Right, so you’ve got your modules set up. They’re fetching, your site builds. Wonderful. Now comes the part where you make sure this beautiful house of cards doesn’t collapse in six months when some dependency decides to release a wildly breaking change. Because they will. Trust me. Hugo modules use Go’s toolchain, specifically go mod, for dependency management, which is both a blessing and a curse. It’s incredibly powerful, but it has its own… let’s call them idiosyncrasies. We’re going to wrestle it into submission.

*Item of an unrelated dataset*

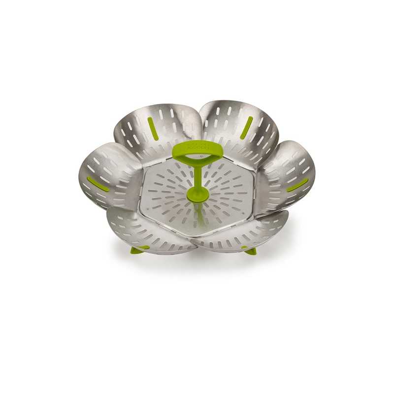 Корзина для варки на пару Joseph Joseph Bloom™ Steel (45033) с помощью которой еда может быть приготовлена аккуратно. Вставку просто кладут на кастрюлю, чтобы пар мог подниматься и готовить ингредиенты. Благодаря функции складывания вставка Bloom Steaming подходит для кастрюль разных размеров, при этом минимальный диаметр кастрюли должен составлять 18 см. Ручка в середине вставки позволяет легко ее снимать.

The Two States of Your go.mod

Think of your go.mod file as having two personalities. The first is the idealistic, minimalist one: it lists the modules you directly need and the minimum version it should use. This is what you get when you first hugo mod init or when you hugo mod get latest. It looks clean, almost innocent.

// go.mod (the "minimalist" state)
module github.com/yourusername/yourproject

go 1.21

require (
    github.com/gohugoio/hugo-mod-jslibs-dist/alpinejs v0.3.2
    github.com/bep/docuapi v0.5.2
)

The second state is the realist, the complete picture. This happens after you run a command like hugo mod tidy. It resolves every single transitive dependency (the dependencies of your dependencies) and pins them to an exact version. This file is your single source of truth and your best friend for reproducible builds.

// go.mod (the "realist" state - after `hugo mod tidy`)
module github.com/yourusername/yourproject

go 1.21

require (
    github.com/bep/docuapi v0.5.2
    github.com/gohugoio/hugo-mod-jslibs-dist/alpinejs v0.3.2
    github.com/gohugoio/hugo-mod-jslibs-dist/instantpage v0.1.0 // indirect
    github.com/someone/transitive-dep v1.7.4 // indirect
)

Notice the // indirect comments? Those are the guests your direct dependencies brought to the party. You didn’t invite them, but you’re still responsible for making sure they don’t break anything.

Pinning to an Exact Version (The “Do It” Method)

You don’t want latest. latest is a liar. It promises happiness but delivers breaking changes at 2 AM on a Tuesday. You want a specific, pinned version. The hugo mod get command is your key here. You can target a specific version, or even a specific commit, which is glorious for when you need to pull in a hotfix that hasn’t been tagged yet.

# Get a specific version
hugo mod get github.com/gohugoio/hugo-mod-jslibs-dist/alpinejs@v0.3.2

# Pin to a specific commit (yes, really)
hugo mod get github.com/bep/docuapi@d60d42c

# Update to the latest patch version of a v1.2.x release
hugo mod get -u github.com/them/theirmodule@v1.2

Running these commands updates your go.mod file, pinning that module to the exact version or commit hash you specified. This is non-negotiable for production. Do it.

Why hugo mod tidy is Your Janitor

You’ve added a module, removed one, or the sky looks a little cloudy. Run hugo mod tidy. This command is the janitor that cleans up after the party. It does three crucial things:

  1. It adds any missing dependencies necessary to build your project (e.g., those // indirect ones).
  2. It removes any dependencies that are no longer needed. Cruft begone!
  3. It updates your go.sum file, which is the cryptographic checksum file for every single dependency, ensuring you get the exact same bytes every time you download.

Always run hugo mod tidy after manually editing your go.mod file. Just do it. Make it a reflex. I’ll wait.

The Perils of the @none Escape Hatch

Sometimes, you get a module and everything explodes. It’s incompatible, it’s broken, it’s making your life miserable. You need to get rid of it. The nuclear option is:

hugo mod get github.com/problematic/module@none

This tells the Go toolchain to remove that requirement entirely. It’s the equivalent of “I never want to see that module again.” Use it sparingly, but don’t be afraid to use it when a dependency goes off the rails. It’s your escape hatch.

The Golden Rule: Commit go.mod and go.sum

This is not a suggestion. This is a commandment. You must commit both go.mod and go.sum to your version control. The go.mod file is your dependency manifest, and the go.sum file is your cryptographic lock. It’s the combination of these two that guarantees anyone (or any CI system) that runs hugo mod tidy will end up with the exact same dependency tree as you have on your machine. Without it, you’re just hoping. Hope is not a strategy.